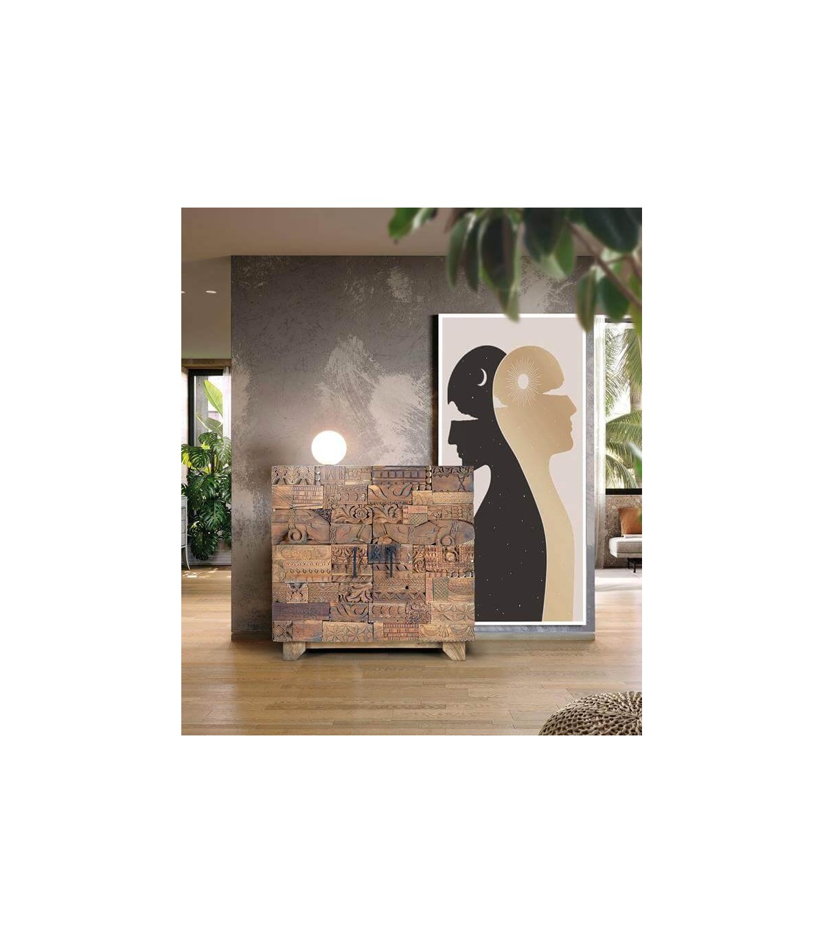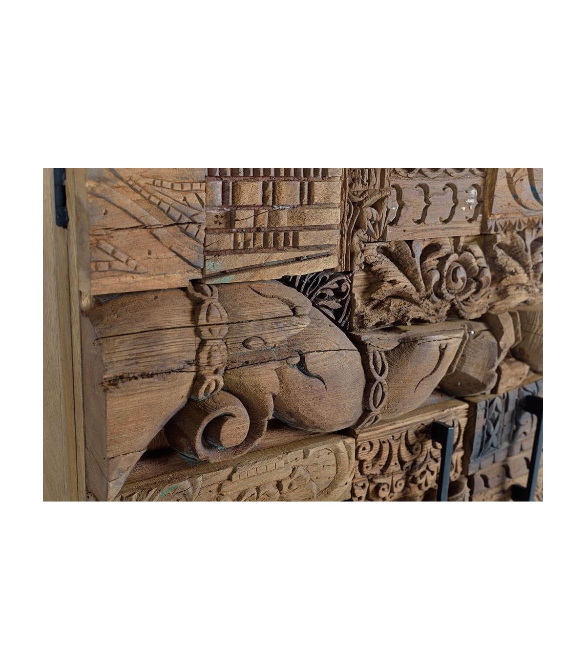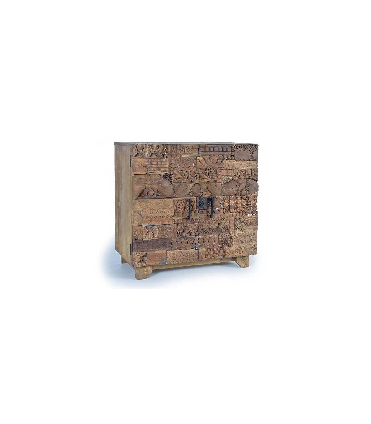 Taquillón realizado artesanalmente en madera de mango reciclada acabado natural, un gran mueble de estilo étnico que a parte de capacidad aporta mucho carácter al espacio para decorar.
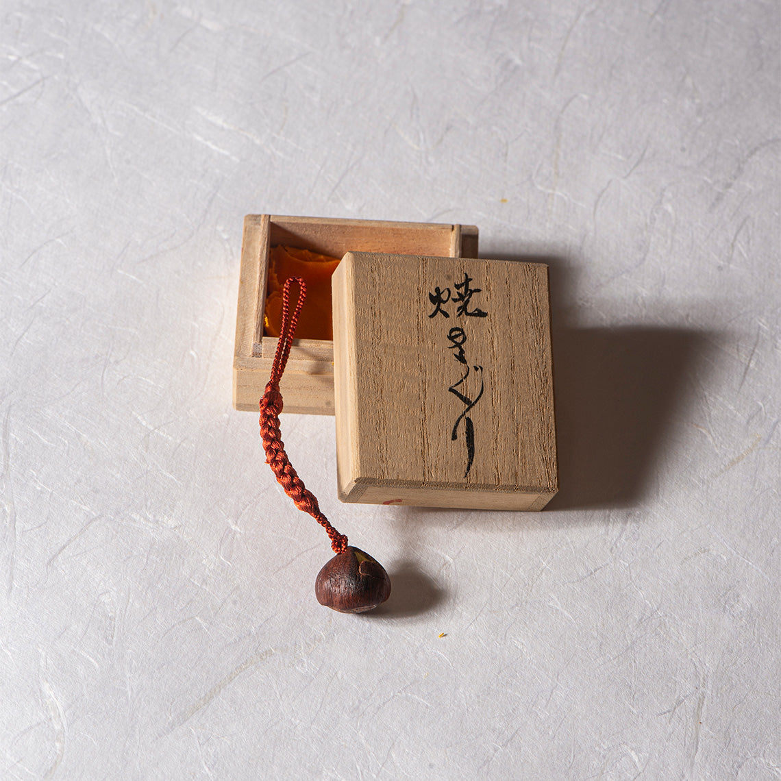 Carved from boxwood and accented with lacquer, this netsuke depicts roasted chestnuts with rich texture and warm tones. Traditionally used to secure items to a kimono’s sash, netsuke are now prized as elegant, collectible masterpieces of Japanese craftsmanship.
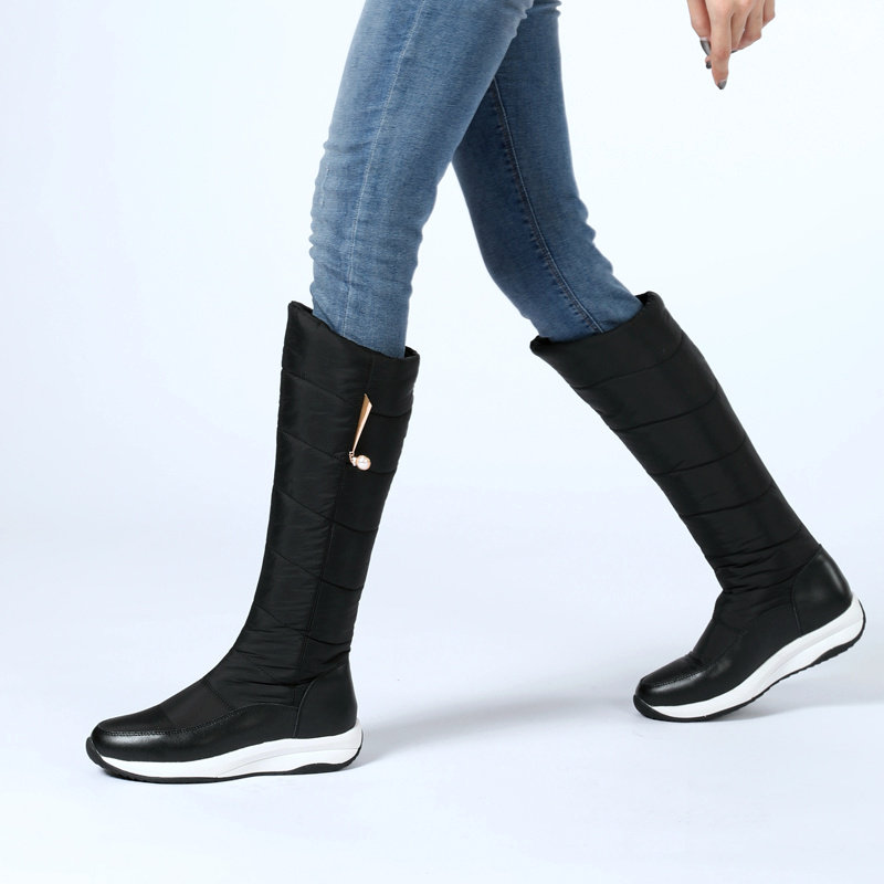 2025冬季牛真皮雪地靴女式高筒棉靴防水羽绒保暖厚毛靴轻便女靴子
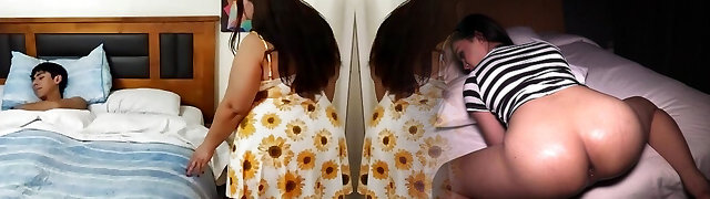 Latina Stepmom Shares Her Bed with Slender Stepson Seduced by her Thick Ass
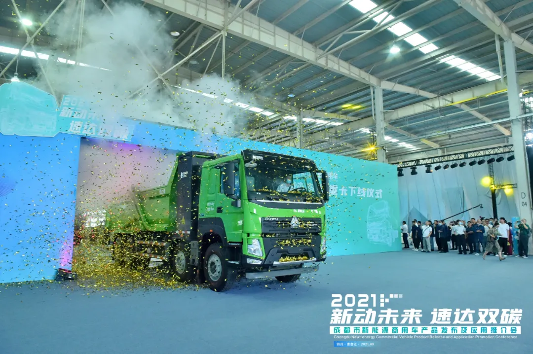 9月7日,成都新能源商用车产品发布及应用推介会在青白江中国重汽集团成都商用车制造基地(简称“重汽成商”)举办,在无数飘舞的彩条搭配上灯光和舞台烟雾的热闹氛围中,一辆新能源重型卡车徐徐滑入会场,标志着重汽成商最新生产的新能源重卡正式下线。而就在当日,总投资约为50亿元的国家电投换电重卡项目,先期启动的四川首座智能充换电站也在青白江正式投入运营。
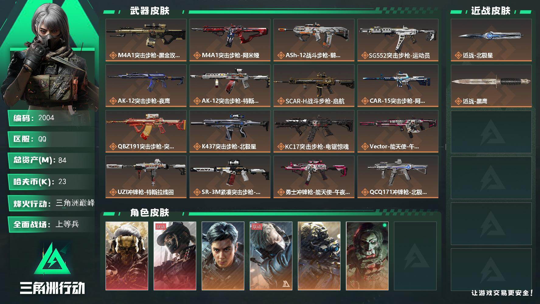总资产(M):84M/哈夫币(K):23K/哈夫币(K):23K/传说枪皮数:24/全面战场等级:2
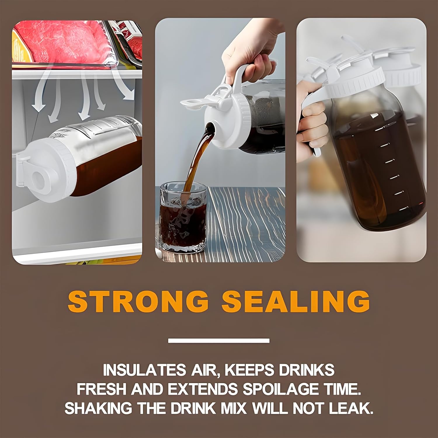 - 【Sturdy Sealing】 - Our liquid pitcher features a sturdy sealing system to keep your drinks fresh and prevent leakage. The leak-proof spout and sealing ring perfectly isolate the mason jar pour spout from the inside and outside, preventing food odors from affecting the taste. You can store your drinks with confidence, knowing that they will stay fresh and leak-free, even when the pitcher is lying down
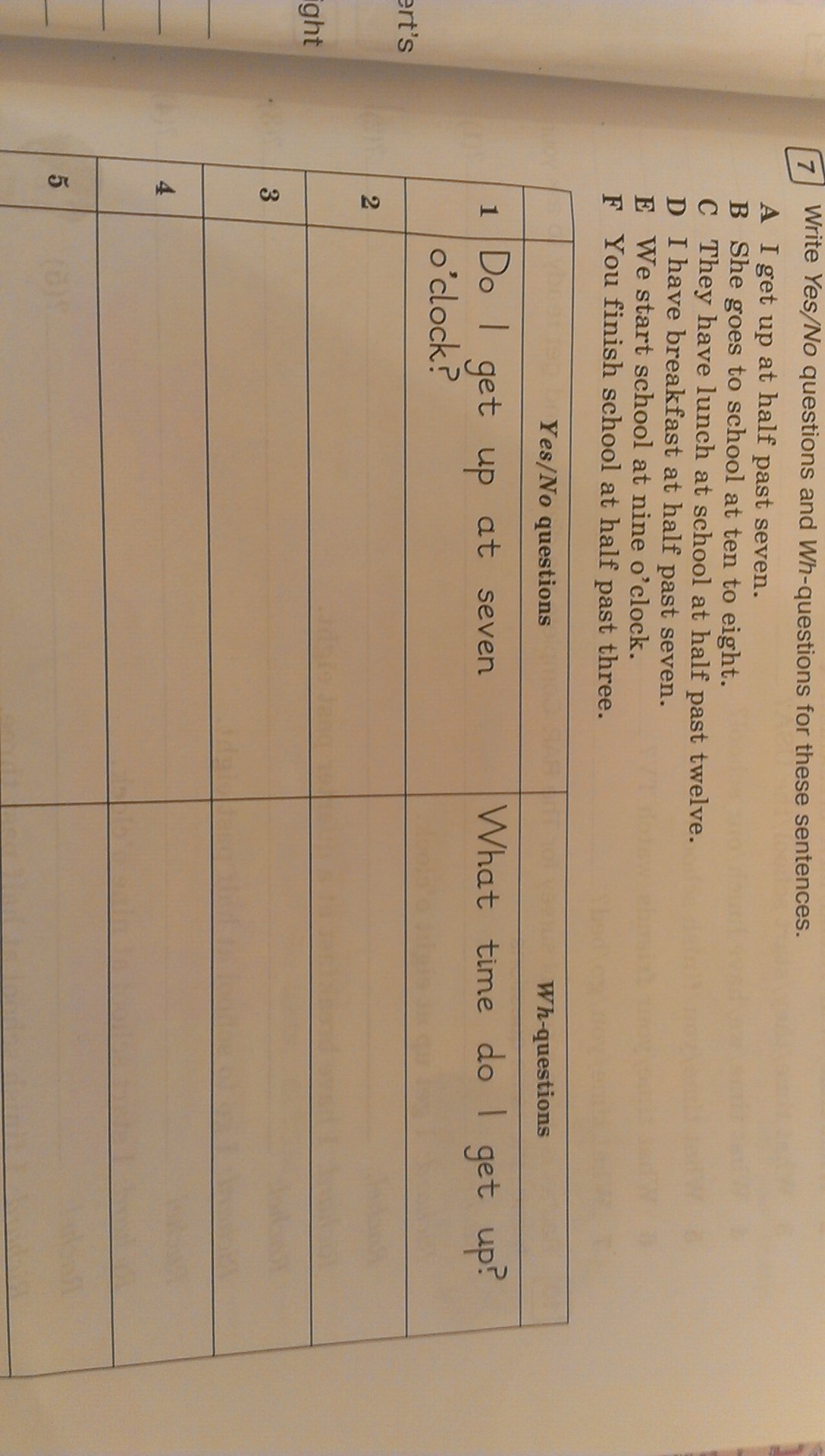 6 -Do you finish school at half past three?
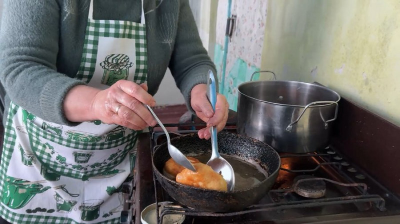 Смажать пончики, зазвичай, по суботах, коли до села приїздить пересувне відділення пошти.

• [ABOUT THIS EXERCISE]: The reply must consist of the complete listing, reproduced exactly, with no images.

• [ANSWER TO THIS PROBLEM]:
 Taquillón realizado artesanalmente en madera de mango reciclada acabado natural, un gran mueble de estilo étnico que a parte de capacidad aporta mucho carácter al espacio para decorar.
 Carved from boxwood and accented with lacquer, this netsuke depicts roasted chestnuts with rich texture and warm tones. Traditionally used to secure items to a kimono’s sash, netsuke are now prized as elegant, collectible masterpieces of Japanese craftsmanship.
 2025冬季牛真皮雪地靴女式高筒棉靴防水羽绒保暖厚毛靴轻便女靴子
 Latina Stepmom Shares Her Bed with Slender Stepson Seduced by her Thick Ass
 9月7日,成都新能源商用车产品发布及应用推介会在青白江中国重汽集团成都商用车制造基地(简称“重汽成商”)举办,在无数飘舞的彩条搭配上灯光和舞台烟雾的热闹氛围中,一辆新能源重型卡车徐徐滑入会场,标志着重汽成商最新生产的新能源重卡正式下线。而就在当日,总投资约为50亿元的国家电投换电重卡项目,先期启动的四川首座智能充换电站也在青白江正式投入运营。
总资产(M):84M/哈夫币(K):23K/哈夫币(K):23K/传说枪皮数:24/全面战场等级:2
 - 【Sturdy Sealing】 - Our liquid pitcher features a sturdy sealing system to keep your drinks fresh and prevent leakage. The leak-proof spout and sealing ring perfectly isolate the mason jar pour spout from the inside and outside, preventing food odors from affecting the taste. You can store your drinks with confidence, knowing that they will stay fresh and leak-free, even when the pitcher is lying down
 6 -Do you finish school at half past three?
 Смажать пончики, зазвичай, по суботах, коли до села приїздить пересувне відділення пошти.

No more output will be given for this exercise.